5
votes

I have a case class, taking a Seq[T] as parameter:

case class MyClass(value: Seq[T])

I now want to be able to write

MyClass(t1,t2,t3)

So I defined

object MyClass {
    def apply(value: T*) = new MyClass(value.toSeq)
}

It doesn't work, because the case class defines

object MyClass {
    def apply(value: Seq[T])
}

and Seq[T] and T* have the same type after erasure, so I can't overload them.

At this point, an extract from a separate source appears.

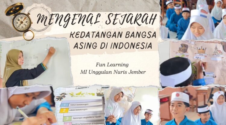 Pesantren Nuris – Kegiatan fun learning kembali mewarnai suasana belajar di MI Unggulan Nuris Jember pada Sabtu, 30 Agustus 2025. Kali ini, kelas 6A tampil penuh antusias dalam pembelajaran yang dipandu oleh Ustadzah Siti Anisa, S.Pd., yang akrab disapa Ustadzah Anisa. Dengan gaya mengajar yang ceria dan kreatif, beliau mengajak para siswa menjelajahi materi “Mengenal Sejarah Kedatangan Bangsa Asing di Indonesia” dengan cara yang menyenangkan dan interaktif.

But I'd like to allow both access ways. Both ways should be allowed:

MyClass(t1,t2,t3)
MyClass(some_seq_of_T)

Since Seq[T] and T* are almost the same type (at least after erasure; and inside of the function having the parameter T* becomes Seq[T]), I think there should be a way to allow both ways of calling it.

Is there?

3
Is T some concrete type or your MyClass has a type parameter?Rogach

3 Answers

6
votes

You could cheat a little bit and define your companion like this:

case class MyClass[T](value: Seq[T])

object MyClass {
  def apply[T](first: T, theRest: T*) = new MyClass(first :: theRest.toList)
  def apply[T]() = new MyClass[T](Nil)
}

The first apply handles the MyClass(1,2,3) as long as there is at least one argument. The scond apply handles the 0-argument case. They don't conflict with the regular constructor.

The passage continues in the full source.